>>>>

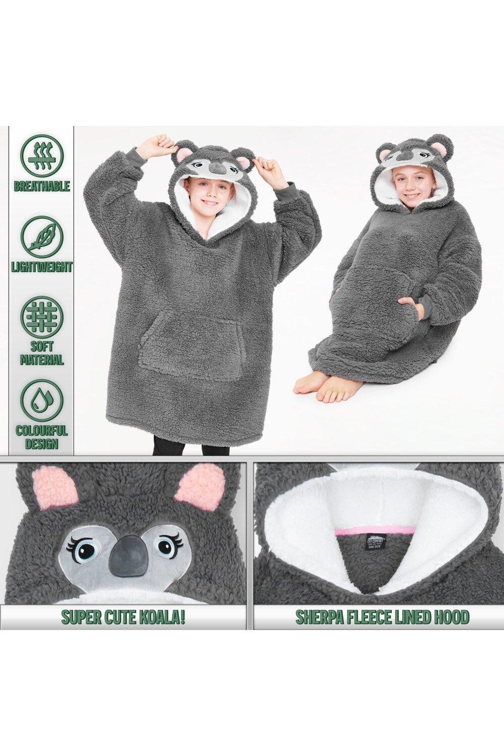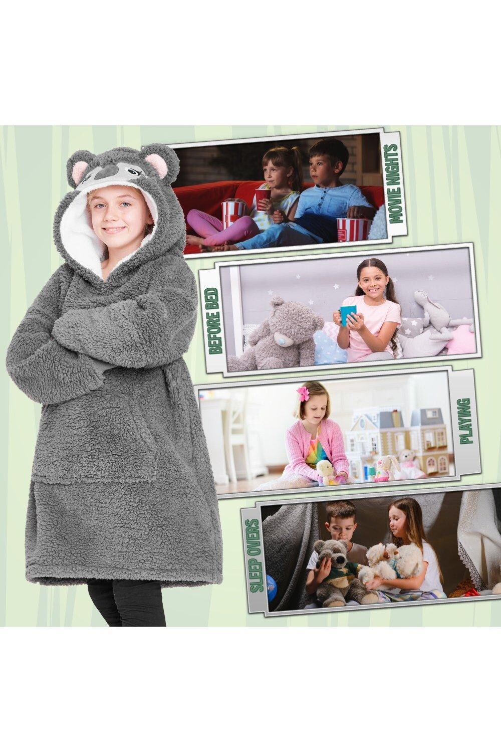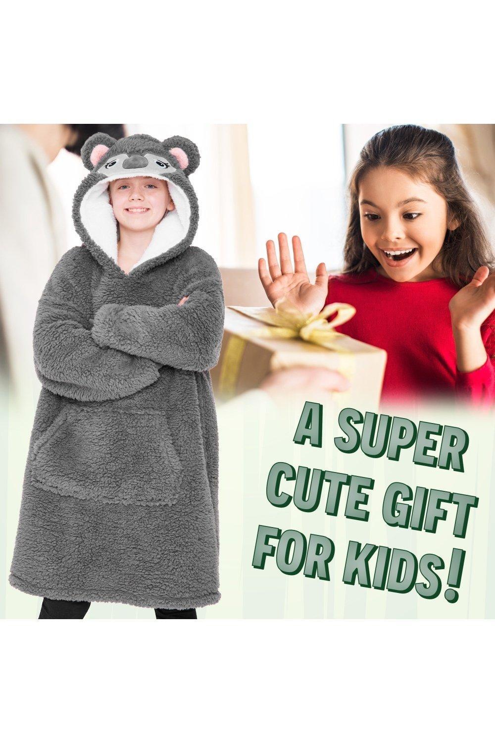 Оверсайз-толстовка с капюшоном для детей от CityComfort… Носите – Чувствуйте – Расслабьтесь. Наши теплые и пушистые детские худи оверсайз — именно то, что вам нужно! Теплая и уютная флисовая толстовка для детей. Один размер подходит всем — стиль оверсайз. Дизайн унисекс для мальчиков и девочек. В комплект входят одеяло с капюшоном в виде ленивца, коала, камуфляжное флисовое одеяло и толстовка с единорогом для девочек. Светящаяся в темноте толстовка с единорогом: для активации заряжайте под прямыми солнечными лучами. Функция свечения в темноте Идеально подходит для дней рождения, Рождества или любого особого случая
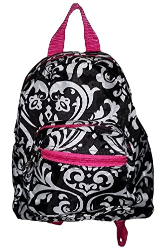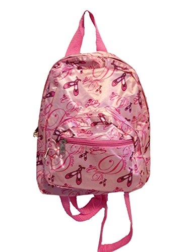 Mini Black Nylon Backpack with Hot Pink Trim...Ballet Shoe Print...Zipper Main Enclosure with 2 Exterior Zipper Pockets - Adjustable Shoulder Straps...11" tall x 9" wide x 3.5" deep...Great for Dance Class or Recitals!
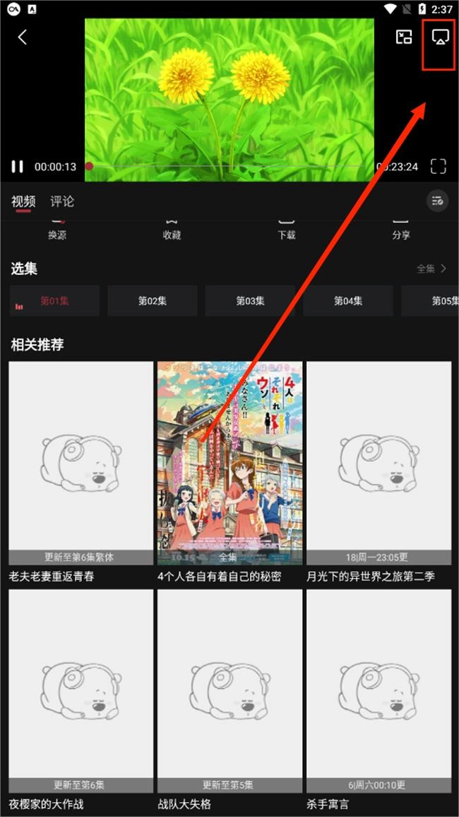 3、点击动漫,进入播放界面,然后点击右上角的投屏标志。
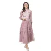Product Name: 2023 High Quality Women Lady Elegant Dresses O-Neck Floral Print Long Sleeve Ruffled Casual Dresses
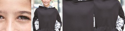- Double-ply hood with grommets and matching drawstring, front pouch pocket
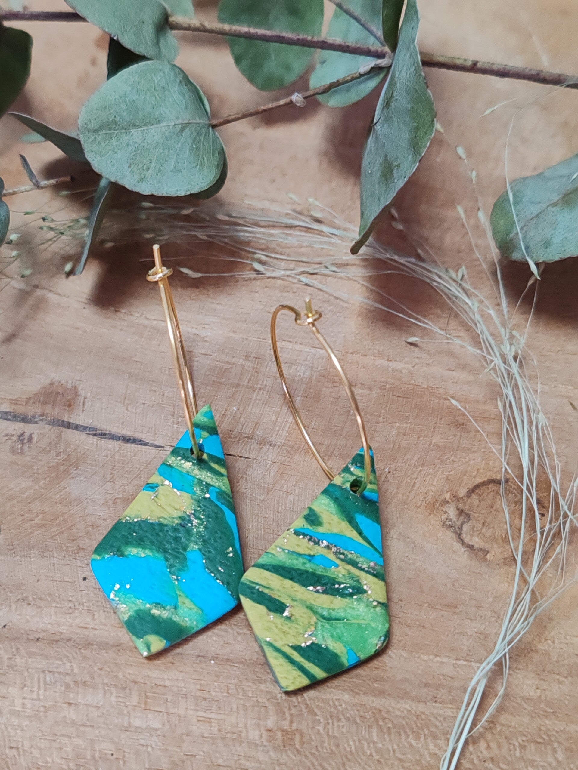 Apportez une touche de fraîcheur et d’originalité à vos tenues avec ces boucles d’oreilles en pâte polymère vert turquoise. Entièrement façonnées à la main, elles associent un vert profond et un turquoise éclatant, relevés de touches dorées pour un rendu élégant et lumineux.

<<<<

== AIM OF THE TASK ==
If a record holds a picture, leave the picture out and copy the rest exactly.

== TASK ANSWER ==
 Оверсайз-толстовка с капюшоном для детей от CityComfort… Носите – Чувствуйте – Расслабьтесь. Наши теплые и пушистые детские худи оверсайз — именно то, что вам нужно! Теплая и уютная флисовая толстовка для детей. Один размер подходит всем — стиль оверсайз. Дизайн унисекс для мальчиков и девочек. В комплект входят одеяло с капюшоном в виде ленивца, коала, камуфляжное флисовое одеяло и толстовка с единорогом для девочек. Светящаяся в темноте толстовка с единорогом: для активации заряжайте под прямыми солнечными лучами. Функция свечения в темноте Идеально подходит для дней рождения, Рождества или любого особого случая
 Mini Black Nylon Backpack with Hot Pink Trim...Ballet Shoe Print...Zipper Main Enclosure with 2 Exterior Zipper Pockets - Adjustable Shoulder Straps...11" tall x 9" wide x 3.5" deep...Great for Dance Class or Recitals!
 3、点击动漫,进入播放界面,然后点击右上角的投屏标志。
Product Name: 2023 High Quality Women Lady Elegant Dresses O-Neck Floral Print Long Sleeve Ruffled Casual Dresses
- Double-ply hood with grommets and matching drawstring, front pouch pocket
 Apportez une touche de fraîcheur et d’originalité à vos tenues avec ces boucles d’oreilles en pâte polymère vert turquoise. Entièrement façonnées à la main, elles associent un vert profond et un turquoise éclatant, relevés de touches dorées pour un rendu élégant et lumineux.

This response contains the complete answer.